I once read through the entire dragon book with the intention of creating my own language; I gave it all up when I found Lua.
Good stuff.
Honestly, its easier to write a recursive descent parser by hand for a programming language than you think, and interpreters are ridiculously easy unless you're worried about making it fast, which is way overrated too. It mattered with 640KB of RAM at 20MHz, but these days, its just stupid to care unless you notice its insanely slow.
First off, if you've not found this link: http://compilers.iecc.com/crenshaw/, then I recommend you start with it. While its about writing a compiler, it really help make parsing much clearer.
Scheme is a good language to check out if you want to start with another design(a scheme interpreter can be written in a few hours, even in C, if you're slick, even if you're not, it would be short project to get 90%).
Some other reference material: Parsing Techniques(free online). Also: Modern Compiler Design by the same guys and well worth the investment. Concepts, Techniques, and Models of Programming Languages, teaches kernal theory of language design, and may open your mind to some other techniques you may not be aware of.
Checking out the archives on Lambda The Ultimate would be wise too. Also, if you're in Boston on December the 4th, you might check out the Lightweight Languages Workshop at MIT.
Maybe you should have a look at Parrot? The CVS includes a lot of working and non-working language-implementations which you could have a look at..
I also recommend you to have a look at Lua which is a minimalistic yet beautiful language..

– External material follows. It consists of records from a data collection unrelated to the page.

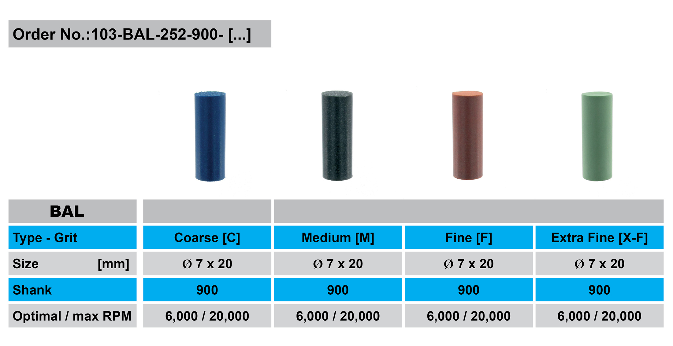 The BAL range is a tried and tested polishing system for cobalt-chrome, precious and non precious metals. The extra fine gives a high luster finish.
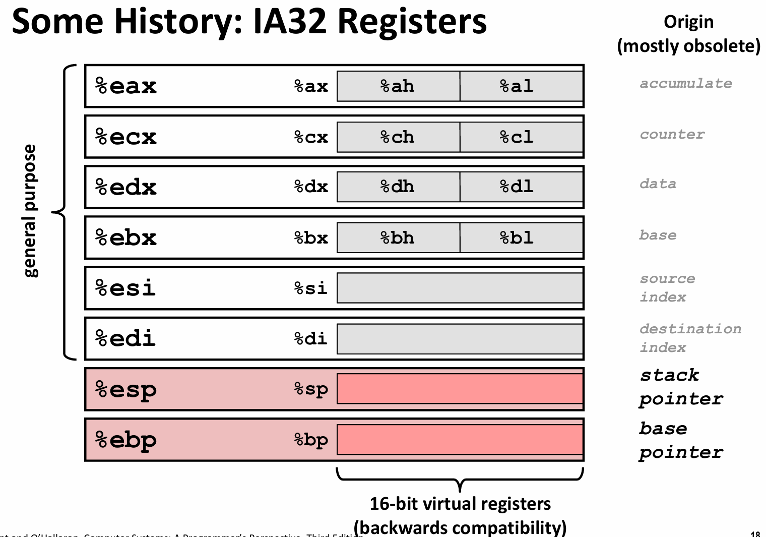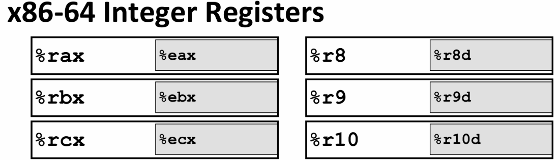 %rax(64位)→%eax(低32位)→%ax(低16位)→%ah(高8位)[IA32支持 x86-64不支持]→%al(低8位)。
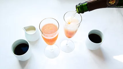 Start off the party with a little bubbly—this batched peach cocktail comes together in a flash when you blend the sweet fruit purée.
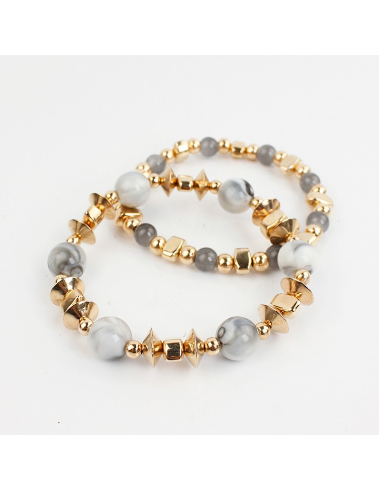 Set de dos pulseras elásticas de piezas acrílicas diferenciadas, bolitas de vidrio exclusivas y piezas pasantes de CCB.
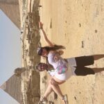 When visiting the pyramids, she recommends lightweight, breathable clothing, a wide-brimmed hat, and comfortable shoes. It gets hot and dusty, so sunscreen and sunglasses are smart choices too. Staying hydrated’s key!
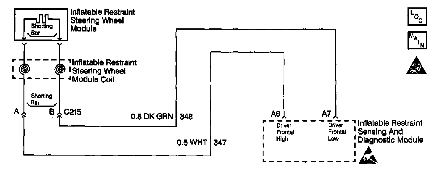 A short to B+ or short to ground in the Inflatable Restraint Steering Wheel Module circuit can cause an intermittent condition. Inspect circuit 347 and circuit 348 carefully for cutting or chafing. Wiring pigtail damage requires replacement of the Inflatable Restraint Steering Wheel Module Coil.
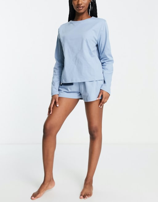 ASOS DESIGN – Mix & Match – Pyjama aus Bio-Baumwolle in Blau
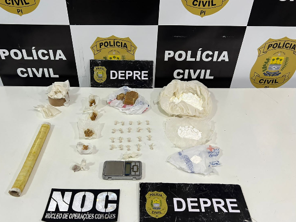 Foram localizados também uma substância em pó análoga à cocaína, balança de precisão usada para fracionar a droga em pequenas quantidades e diversas embalagens plásticas.
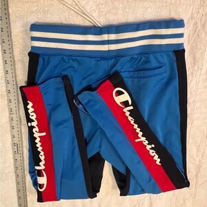 Stylish and comfortable, these Champion track pants feature a vibrant blue and red design. Perfect for active days.
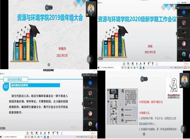 各年级辅导员根据工作要求,结合工作实际,在线开展年级会议和“开学第一课”:一是向同学们传达学校疫情防控要求。各年级辅导员向同学们传达了学校疫情防控相关要求,希望同学们充分认识当前疫情防控的重要性,自觉遵守学校疫情防控的相关规定,按照学校要求,积极配合,为自己的新学期打下坚实基础。二是传达学校和学院2021年春季学期返校的相关工作安排。各年级辅导员详细向同学们讲述返校时间安排,提醒同学们做好返校准备、做好返校途中个人防护等注意事项,确保平安、顺利返校。三是引导同学们积极投入新学期的学习生活中。各年级辅导员希望同学们认真梳理总结学习经验,认真做好新学期规划,积极调整好心态,投入到新学期的学习生活中去。四是引导同学们增强安全防范意识。各年级辅导员通过PPT方式,从校园安全、出行安全、网络安全、人身财务安全、用电消防安全和食品安全等多个方面进行了安全知识宣讲,引导同学们时刻紧绷安全的弦,将安全意识融入日常生活,共同筑牢校园安全防线,营造安全稳定的校园环境。
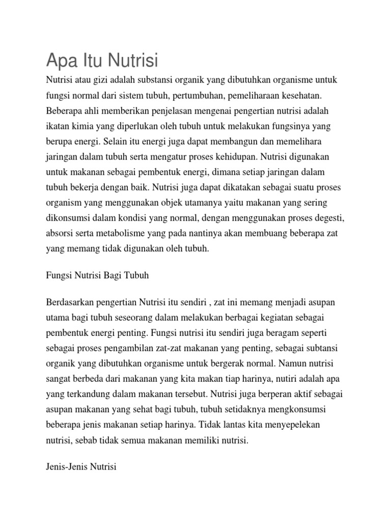 Padahal kandungan nutrisi atau gizi yang seimbang diperlukan oleh tubuh agar dapat berfungsi secara optimal dan kesehatan kita terjaga. Pada masa-masa inilah perhatian ibu terhadap pengaruh pola konsumsi makanan sepertinya harus digalakan. Apa Itu Nutrisi.
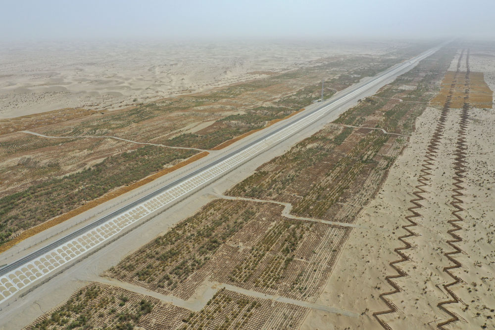 記者從中鐵第一勘察設(shè)計(jì)院集團(tuán)有限公司了解到,在被流動(dòng)沙丘侵害嚴(yán)重的和若鐵路沿線,建設(shè)者修建草方格近5000萬平方米,種植梭梭、紅柳、沙棘等灌木和喬木近1296萬株,林帶覆蓋面積超過11萬畝,這條“綠色走廊”成為防風(fēng)固沙的天然屏障。
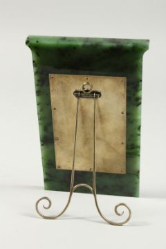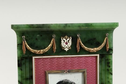 A SUPERB RUSSIAN JADE, GOLD AND ENAMEL MOUNTED PHOTOGRAPH FRAME with double eagle.

My other account has a 3-digit UID.
If you do as the parent says and "use it as a base" and "change enough so you aren't blatantly copying it" then you are still copying it and restricted in distrution by copyright law.
The GPL may grant you other privileges if you abide by its conditions. (Though AFAIK most PERL is licensed under the PERL Artisitic License which is more permissive than the GPL.)
Sam
blog.sam.liddicott.com
Write a compiler for parrot.
Lots of people are doing that right now, and you could learn a lot from the included compilers for different languages, all in varying stages of completion.
Stumbling in the dark
I hear slavering of jaws
Eaten by a grue.
A cool site for people interested in languages and their design is: http://lambda-the-ultimate.org/
I agree completely that only looking for GPL code is a mistaken approach, as the GPL is more restrictive than other licenses. You can almost always include BSD code in GPL, but not vice versa. In any case, the GPL is probably not an ideal license if you want your language to be very widely used.
Thirdly, if you want to look at some nice source code and an interesting way of doing things, have a look at Tcl. It's C sources (modulo the regexp package which came from somewhere else) are some of the nicest I have read. Beautifully commented, and very clear to read. Also, Tcl is a smart approach for a language designed to be extensible.
The article's author really needs to state his purpose, though... just for fun? To 'get famous'? For work? As a homework assignment?;-)
http://www.welton.it/davidw/
Oh, I would recommed the STL if you are in a hurry. I don't know why functional is better, personally it just gave me a headache in school.
Among the many reasons that functional languages are superior for this kind of task is algebraic data types and pattern matching. Since C++ and Java don't even have sum types, the only way to simulate this is with a load of objects and "instanceof" stuff. For example, here's a simple calculator interpreter in ML:
datatype exp =
Int of int
| Plus of exp * exp
| Times of exp * exp
(* if, then, else *)
| Ifzero of exp * exp * exp
(* evaluates an expression, returning an int *)
fun eval (Int i) = i
| eval (Plus (e1, e2)) = eval e1 + eval e2
| eval (Times (e1, e2)) = eval e1 + eval e2
| eval (Ifzero (b, t, f)) = if eval b = 0
then eval t
else eval f
That's it! These sorts of recursive passes over syntax trees is exactly what goes on for the bulk of a compiler or interpreter. Just think about what a mess this would be with the STL.